#### Data shown

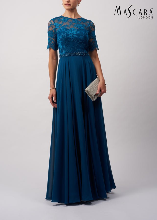 Deze prachtige curvy jurk heeft een drie kwart mouw gemaakt van kant en dit geeft een zeer chique uitstraling. In de taille zitten mooie steentjes verwerkt en van daruit loopt de jurk zwierig uit.
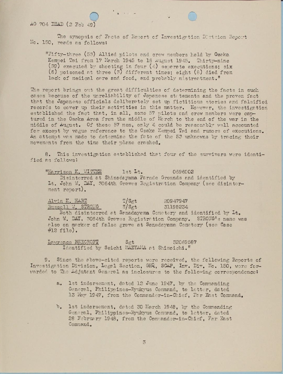 CHANGE IN DATE OF DEATH 2 FEBRUARY 1949 PAGE 3
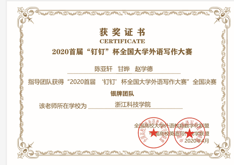 据悉,此次大赛是是由全国高校大学外语教育数字化联盟、中国高校英语写作教学联盟联合主办,全国高等学校大学外语教学研究会指导,钉钉(中国)信息技术有限公司平台支持,全国高校大学外语教育数字化联盟、中国高校英语写作教学联盟联合主办的覆盖全国在校大学生的线上外语写作比赛活动。比赛吸引了全国共近600所高校近30万名在校大学生参与。(外国语/中德学院 陈亚轩)
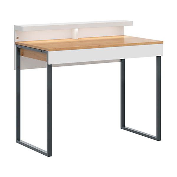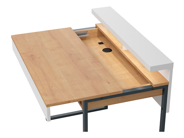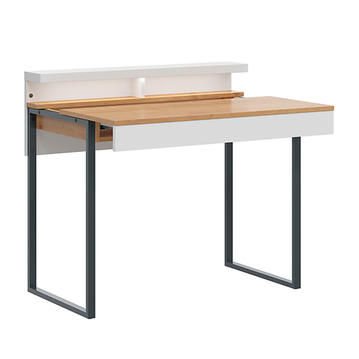 Модерно бюро с плъзгащ се плот и LED осветление в цвят дъб арлингтън и бяло

########

» **Problem to work on**
Starting at the first line of the material, output exactly the lines up to and including the one with "CHANGE IN DATE". Do not include the pictures.

» **Result of this task**
 Deze prachtige curvy jurk heeft een drie kwart mouw gemaakt van kant en dit geeft een zeer chique uitstraling. In de taille zitten mooie steentjes verwerkt en van daruit loopt de jurk zwierig uit.
 CHANGE IN DATE OF DEATH 2 FEBRUARY 1949 PAGE 3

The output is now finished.